◆ YOUR ASSIGNMENT ◆
Omitting the pictures, print every line below exactly as it stands.

------------------------------------------------------------------------

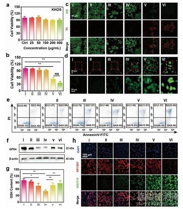 在人成骨肉瘤(KHOS)細(xì)胞和人臍靜脈內(nèi)皮細(xì)胞研究MoO3−xSNWs的細(xì)胞相容性(圖5a),即使在500gmL−1的高濃度下處理24 h后,其細(xì)胞毒性可以忽略不計(jì)。隨后使用MoO3−xSNWs研究了體內(nèi)PTT增強(qiáng)的CDT(圖5b),結(jié)果表明PTT可以促進(jìn)CDT的殺傷作用。使用鈣綠素乙酰甲酯(綠色)和碘化丙啶(PI 紅色)染色活/死亡細(xì)胞,確定MoO3−xSNWs介導(dǎo)和PTT增強(qiáng)的CDT的顯著治療效果(圖5c)。MoO3−xSNWs+H2O2處理后的細(xì)胞凋亡率為22.1%,在激光照射下進(jìn)一步上升至32.4%(圖5e),表明加熱可促進(jìn)治療效果。為了研究其殺傷機(jī)制,采用2,7-二氯熒光素二乙酸酯(DCFH-DA,綠色)試驗(yàn),通過共聚焦激光掃描顯微鏡(CLSM)來驗(yàn)證細(xì)胞內(nèi)ROS的生成(圖5d)。根據(jù)蛋白印跡分析(圖5f),MoO3−xSNWs+H2O2組的GPX4表達(dá)量明顯低于H2O2和MoO3−xSNWs+H2O2組,而MoO3−xSNWs+H2O2組的表達(dá)水平遠(yuǎn)低于H2O2組。KHOS細(xì)胞在對(duì)照組、NIR和MoO3−xSNWs組中表現(xiàn)出強(qiáng)烈的紅色和弱綠色熒光(圖5h),從而表明脂質(zhì)過氧化作用(LPO)的生成最少。
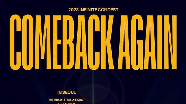 INFINITE sebelumnya sudah mengumumkan comeback mereka dengan enam orang member: Sunggyu, L, Sungyeol, Dongwoo, Sungjong, dan Woohyun. Comeback yang dimaksud adalah sebuah konser yang diberi tajuk COMEBACK AGAIN yang akan dimulai di Seoul pada 19 dan 20 Agustus 2023.
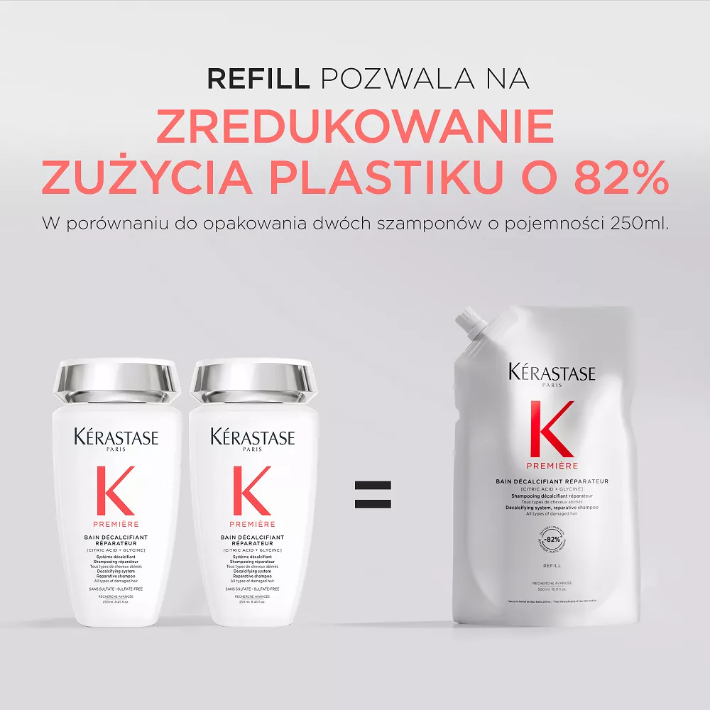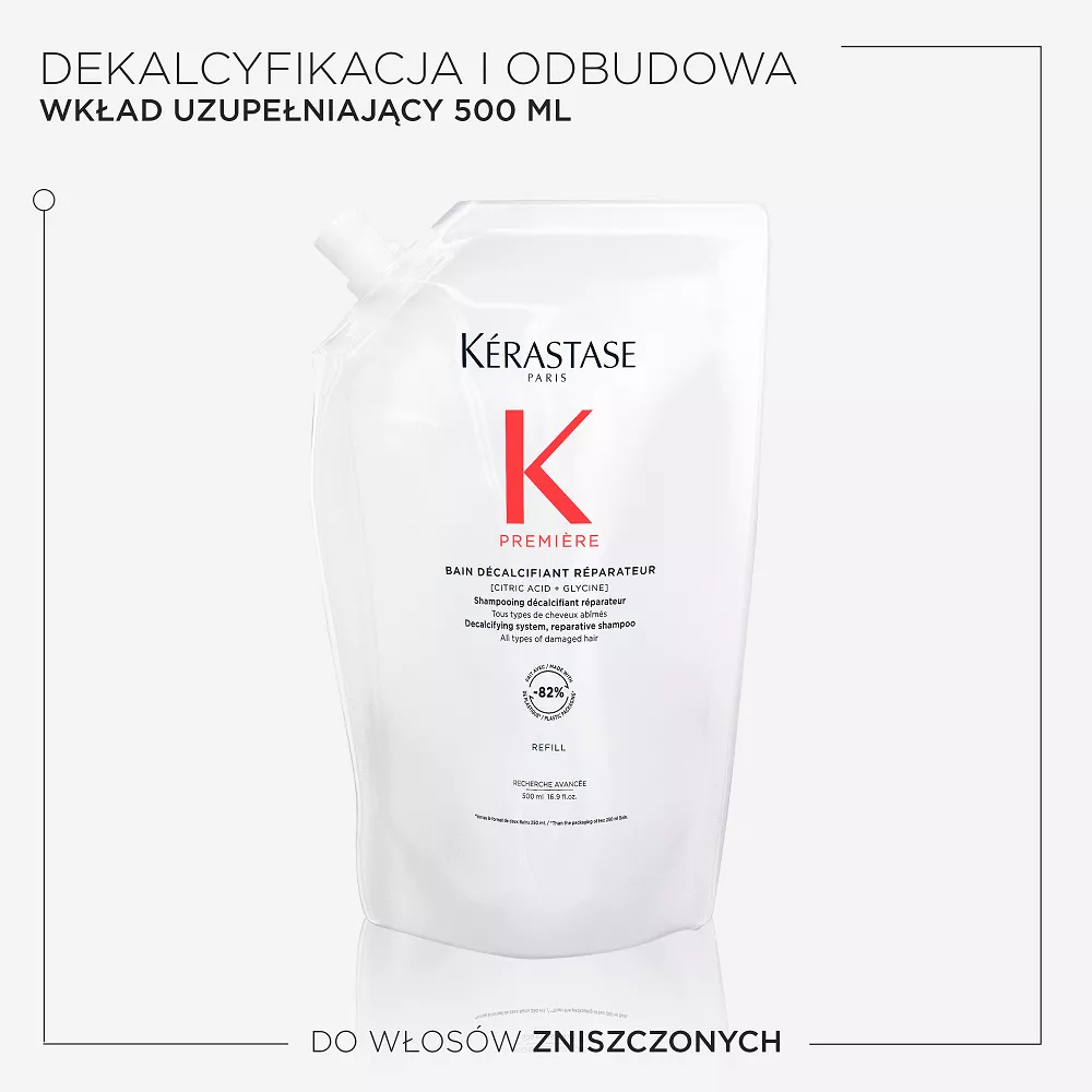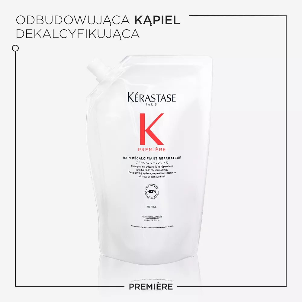Zalecamy, aby przed nałożeniem warstwy Odbudowującej Kąpieli dekalcyfikującej Kérastase Première nałożyć na mokre włosy najpierw warstwę ""Ultra-naprawczego"" Koncentratu dekalcyfikującego Kérastase Première, a następnie warstwę Odbudowującej Kąpieli dekalcyfikującej Kérastase Première i nie spłukiwać ich w celu osiągnięcia najlepszych rezultatów. Szampon można łączyć również z innymi produktami z gamy Première, jak np. z Odbudowująco Regenerującą Maską dla zapewnienia dodatkowego działania naprawczego i odbudowującego.
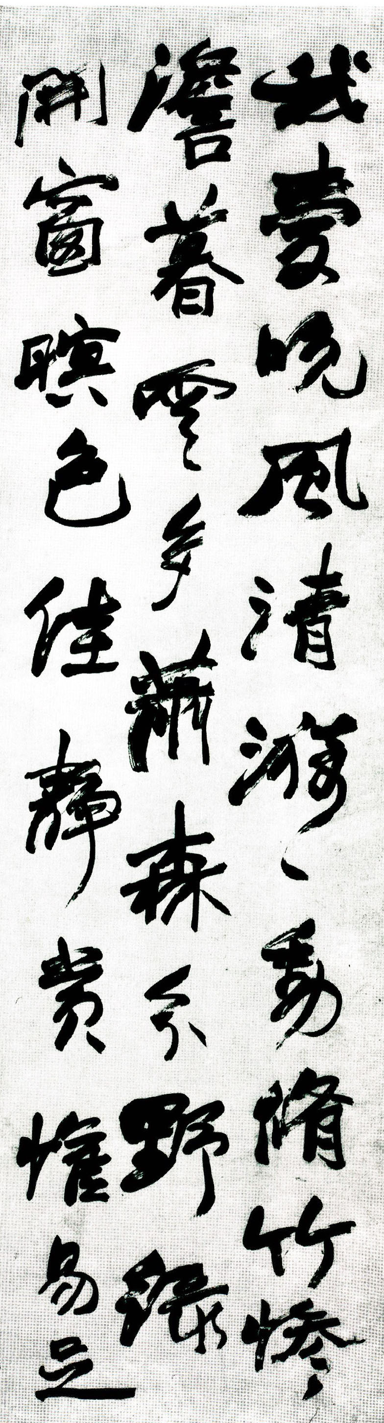 释文:我爱晚风清,漪漪动修竹。惨澹暮云多,萧森分野绿。开窗暝色佳,静赏欢易足。人生遽如许,万事徒碌碌。有尽壮士金,余繆匹夫玉。轩车韫斧鉞,粱肉隐耻辱。嫋嫋五株柳,采采三径菊。高歌晚风前,洗盏酌醽醁。月华滟滟水悠悠,圆月沉时曙色浮。自笑驱驰亦如月,东来西去几时休。
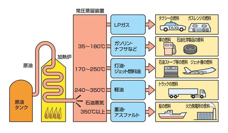 たとえば、軽い成分のガソリンは自動車用燃料、軽油はディーゼル車や発電用、重油は船舶や工業炉などに使われます。
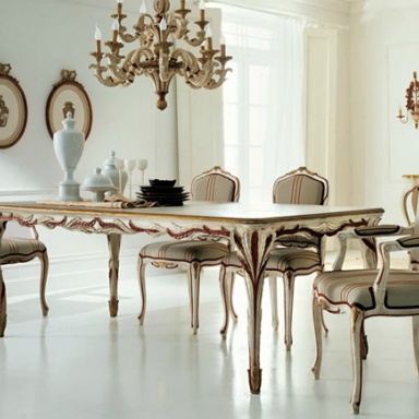 Set to yellow from the Italian producer Silvano Grifoni. Consists of dining table and chairs. Frames models made of solid wood. Chairs upholstered in fabric from the company portfolio. In the CE model with decorative carving covered with gold leaf. Set is distinguished by elegance and reliability. Made in the classic style.
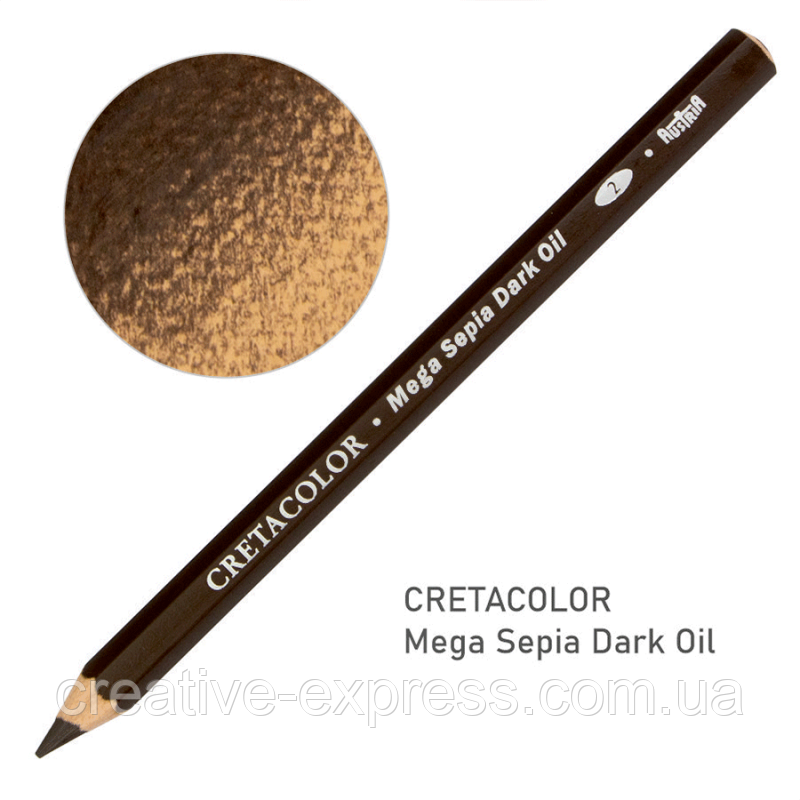 Професійний високоякісний олівець для рисунку MEGA відтінку Сепія олійна (світла та темна) від ТМ Cretacolor ідеально доповнює цілий спектр технік і дозволяє досягти неперевершеної художньої виразності. Має м’який блискучий штрих.
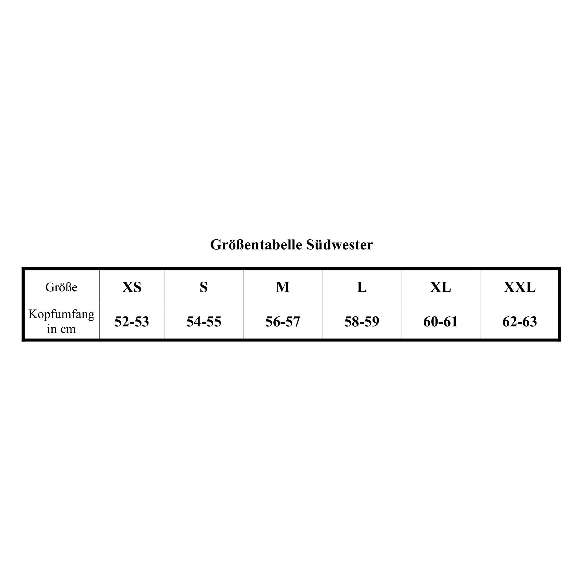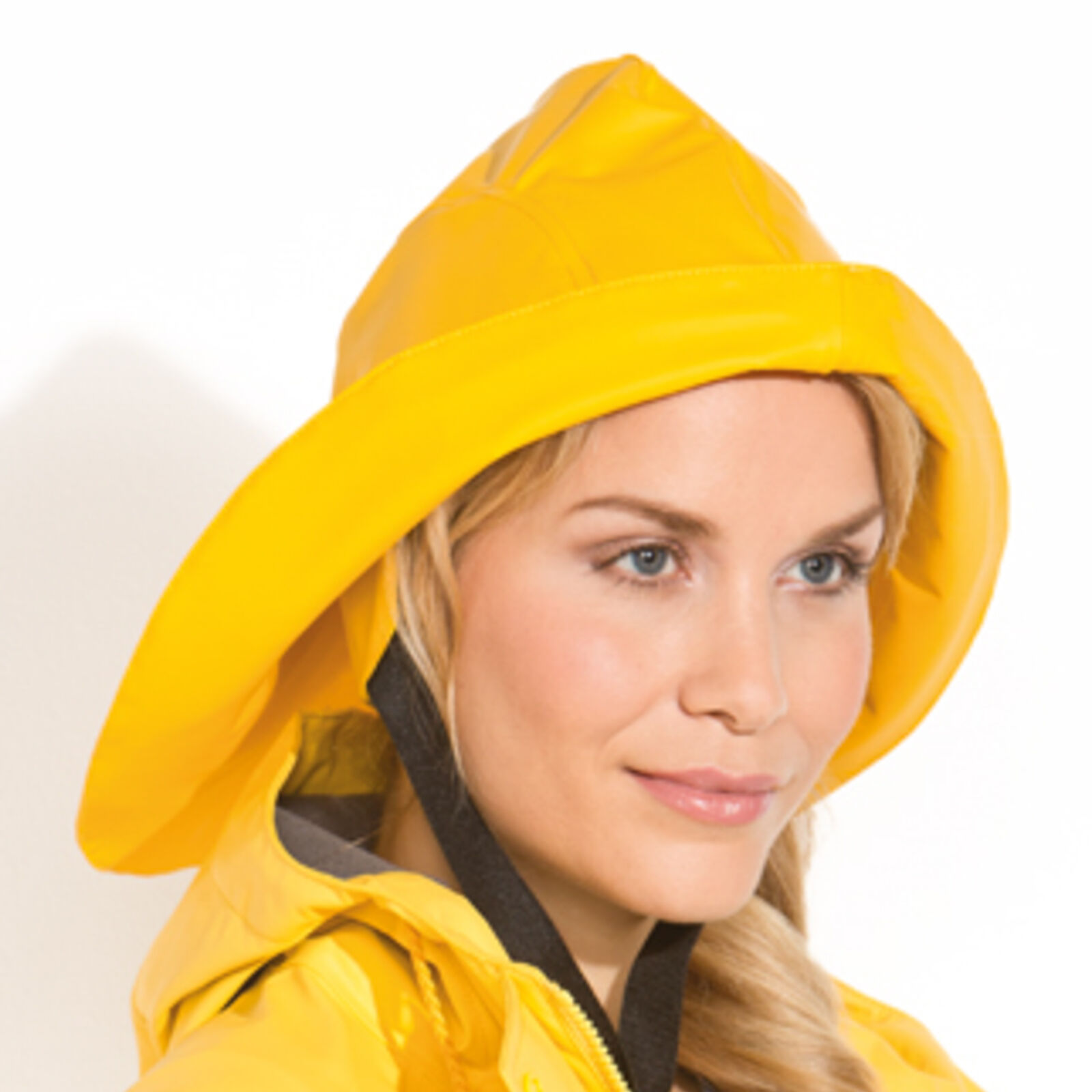 100% wasserdicht verschweißte Nähte innen gefüttert mit extra großer Krempe für optimalen Wetterschutz und Sturmband mit verstellbarem Stopper aus 100% PVC.
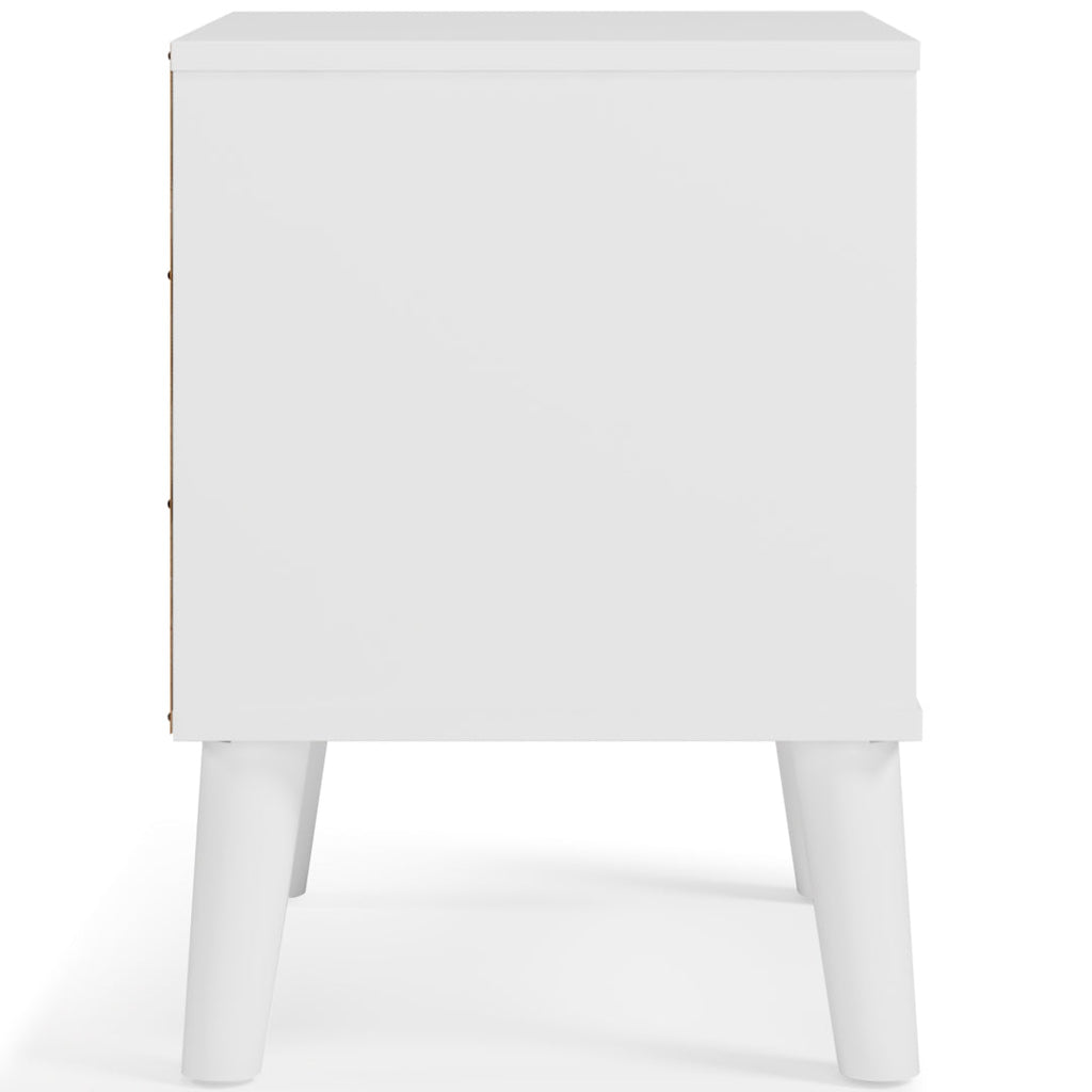 The perfect marriage of contemporary and casual style, this nightstand is a charming addition to your home. It's expressive with a two-tone look in a solid matte white finish and a replicated sugarberry wood grain pattern. White knobs and splay legs add a finishing touch, while the open shelving allows for extra storage.
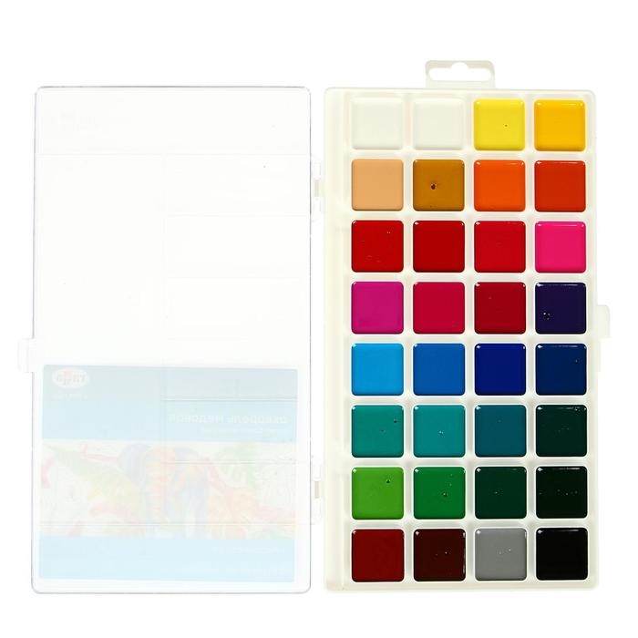 Акварель 32 цвета "Гамма" "Классическая", медовая, без кисти, пластик

------------------------------------------------------------------------

◆ ANSWER TO THIS TASK ◆
 在人成骨肉瘤(KHOS)細(xì)胞和人臍靜脈內(nèi)皮細(xì)胞研究MoO3−xSNWs的細(xì)胞相容性(圖5a),即使在500gmL−1的高濃度下處理24 h后,其細(xì)胞毒性可以忽略不計(jì)。隨后使用MoO3−xSNWs研究了體內(nèi)PTT增強(qiáng)的CDT(圖5b),結(jié)果表明PTT可以促進(jìn)CDT的殺傷作用。使用鈣綠素乙酰甲酯(綠色)和碘化丙啶(PI 紅色)染色活/死亡細(xì)胞,確定MoO3−xSNWs介導(dǎo)和PTT增強(qiáng)的CDT的顯著治療效果(圖5c)。MoO3−xSNWs+H2O2處理后的細(xì)胞凋亡率為22.1%,在激光照射下進(jìn)一步上升至32.4%(圖5e),表明加熱可促進(jìn)治療效果。為了研究其殺傷機(jī)制,采用2,7-二氯熒光素二乙酸酯(DCFH-DA,綠色)試驗(yàn),通過共聚焦激光掃描顯微鏡(CLSM)來驗(yàn)證細(xì)胞內(nèi)ROS的生成(圖5d)。根據(jù)蛋白印跡分析(圖5f),MoO3−xSNWs+H2O2組的GPX4表達(dá)量明顯低于H2O2和MoO3−xSNWs+H2O2組,而MoO3−xSNWs+H2O2組的表達(dá)水平遠(yuǎn)低于H2O2組。KHOS細(xì)胞在對(duì)照組、NIR和MoO3−xSNWs組中表現(xiàn)出強(qiáng)烈的紅色和弱綠色熒光(圖5h),從而表明脂質(zhì)過氧化作用(LPO)的生成最少。
 INFINITE sebelumnya sudah mengumumkan comeback mereka dengan enam orang member: Sunggyu, L, Sungyeol, Dongwoo, Sungjong, dan Woohyun. Comeback yang dimaksud adalah sebuah konser yang diberi tajuk COMEBACK AGAIN yang akan dimulai di Seoul pada 19 dan 20 Agustus 2023.
Zalecamy, aby przed nałożeniem warstwy Odbudowującej Kąpieli dekalcyfikującej Kérastase Première nałożyć na mokre włosy najpierw warstwę ""Ultra-naprawczego"" Koncentratu dekalcyfikującego Kérastase Première, a następnie warstwę Odbudowującej Kąpieli dekalcyfikującej Kérastase Première i nie spłukiwać ich w celu osiągnięcia najlepszych rezultatów. Szampon można łączyć również z innymi produktami z gamy Première, jak np. z Odbudowująco Regenerującą Maską dla zapewnienia dodatkowego działania naprawczego i odbudowującego.
 释文:我爱晚风清,漪漪动修竹。惨澹暮云多,萧森分野绿。开窗暝色佳,静赏欢易足。人生遽如许,万事徒碌碌。有尽壮士金,余繆匹夫玉。轩车韫斧鉞,粱肉隐耻辱。嫋嫋五株柳,采采三径菊。高歌晚风前,洗盏酌醽醁。月华滟滟水悠悠,圆月沉时曙色浮。自笑驱驰亦如月,东来西去几时休。
 たとえば、軽い成分のガソリンは自動車用燃料、軽油はディーゼル車や発電用、重油は船舶や工業炉などに使われます。
 Set to yellow from the Italian producer Silvano Grifoni. Consists of dining table and chairs. Frames models made of solid wood. Chairs upholstered in fabric from the company portfolio. In the CE model with decorative carving covered with gold leaf. Set is distinguished by elegance and reliability. Made in the classic style.
 Професійний високоякісний олівець для рисунку MEGA відтінку Сепія олійна (світла та темна) від ТМ Cretacolor ідеально доповнює цілий спектр технік і дозволяє досягти неперевершеної художньої виразності. Має м’який блискучий штрих.
 100% wasserdicht verschweißte Nähte innen gefüttert mit extra großer Krempe für optimalen Wetterschutz und Sturmband mit verstellbarem Stopper aus 100% PVC.
 The perfect marriage of contemporary and casual style, this nightstand is a charming addition to your home. It's expressive with a two-tone look in a solid matte white finish and a replicated sugarberry wood grain pattern. White knobs and splay legs add a finishing touch, while the open shelving allows for extra storage.
 Акварель 32 цвета "Гамма" "Классическая", медовая, без кисти, пластик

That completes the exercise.